> [Data excerpts]:
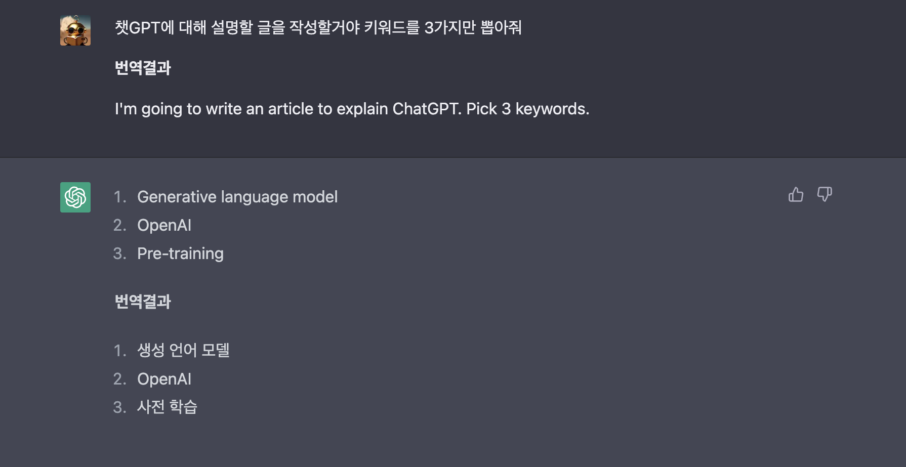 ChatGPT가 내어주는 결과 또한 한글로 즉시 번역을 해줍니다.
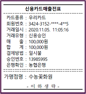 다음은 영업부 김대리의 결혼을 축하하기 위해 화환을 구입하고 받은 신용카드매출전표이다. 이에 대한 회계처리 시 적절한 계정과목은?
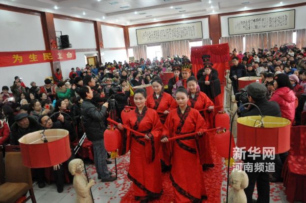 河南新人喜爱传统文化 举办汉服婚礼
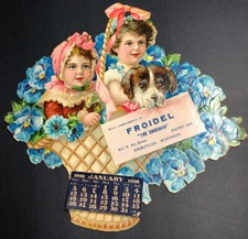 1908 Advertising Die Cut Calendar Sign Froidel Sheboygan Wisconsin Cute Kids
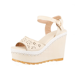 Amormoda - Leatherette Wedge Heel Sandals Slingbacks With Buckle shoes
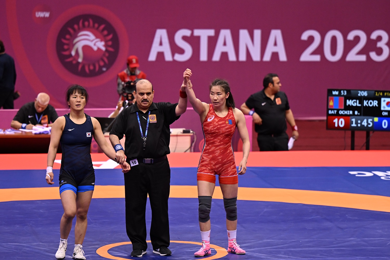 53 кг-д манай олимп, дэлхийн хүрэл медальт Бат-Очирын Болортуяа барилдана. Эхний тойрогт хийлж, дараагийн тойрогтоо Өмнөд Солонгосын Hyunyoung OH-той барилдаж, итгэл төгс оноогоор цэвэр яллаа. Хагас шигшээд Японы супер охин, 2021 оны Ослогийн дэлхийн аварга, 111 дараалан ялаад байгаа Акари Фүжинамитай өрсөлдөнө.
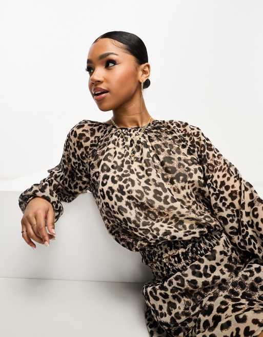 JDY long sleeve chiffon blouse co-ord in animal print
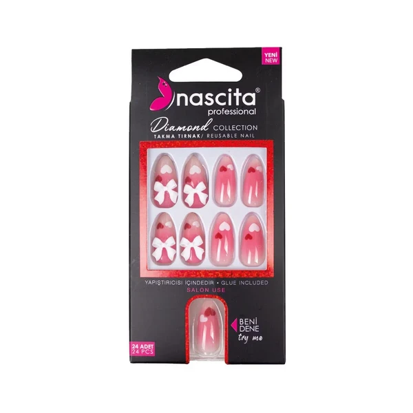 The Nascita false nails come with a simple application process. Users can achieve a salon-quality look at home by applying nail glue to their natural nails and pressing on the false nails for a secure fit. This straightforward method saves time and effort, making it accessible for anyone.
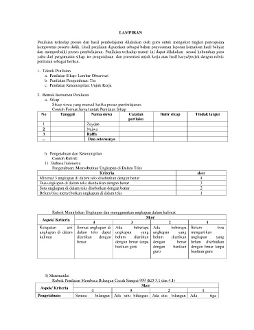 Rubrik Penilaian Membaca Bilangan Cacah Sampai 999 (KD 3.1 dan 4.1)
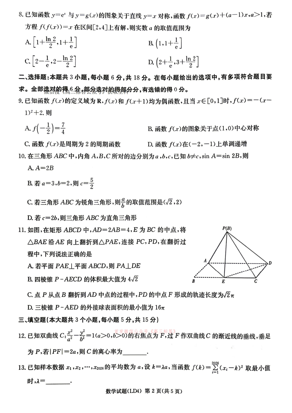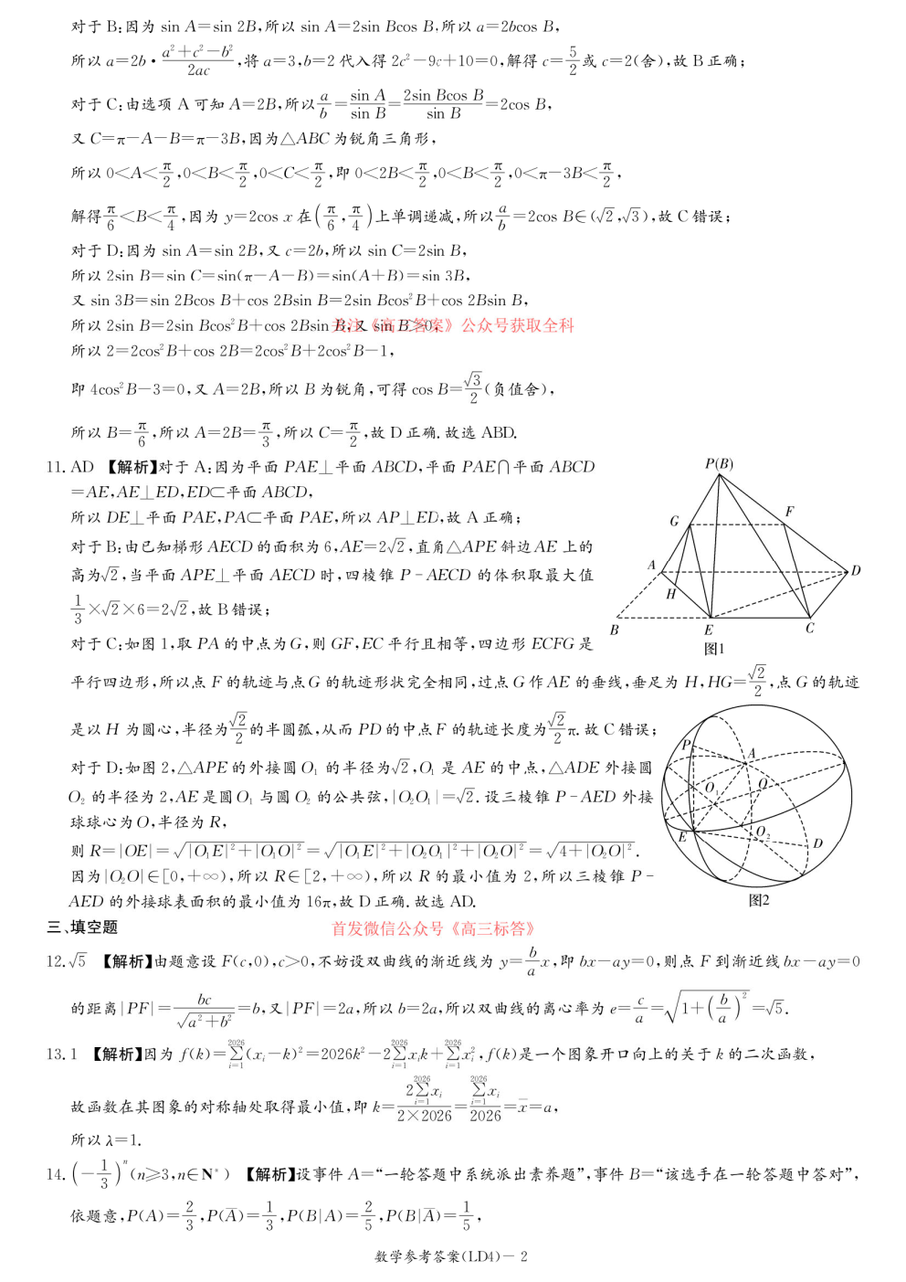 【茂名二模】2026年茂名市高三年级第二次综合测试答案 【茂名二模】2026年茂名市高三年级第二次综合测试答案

> [Task brief]: Repeat exactly the stretch of the listing above that starts with the line holding "다음은 영업부 김대리의" and finishes with the line holding "JDY long sleeve", both included. Skip every picture.

> [Exercise response]:
 다음은 영업부 김대리의 결혼을 축하하기 위해 화환을 구입하고 받은 신용카드매출전표이다. 이에 대한 회계처리 시 적절한 계정과목은?
 河南新人喜爱传统文化 举办汉服婚礼
 1908 Advertising Die Cut Calendar Sign Froidel Sheboygan Wisconsin Cute Kids
 Amormoda - Leatherette Wedge Heel Sandals Slingbacks With Buckle shoes
 53 кг-д манай олимп, дэлхийн хүрэл медальт Бат-Очирын Болортуяа барилдана. Эхний тойрогт хийлж, дараагийн тойрогтоо Өмнөд Солонгосын Hyunyoung OH-той барилдаж, итгэл төгс оноогоор цэвэр яллаа. Хагас шигшээд Японы супер охин, 2021 оны Ослогийн дэлхийн аварга, 111 дараалан ялаад байгаа Акари Фүжинамитай өрсөлдөнө.
 JDY long sleeve chiffon blouse co-ord in animal print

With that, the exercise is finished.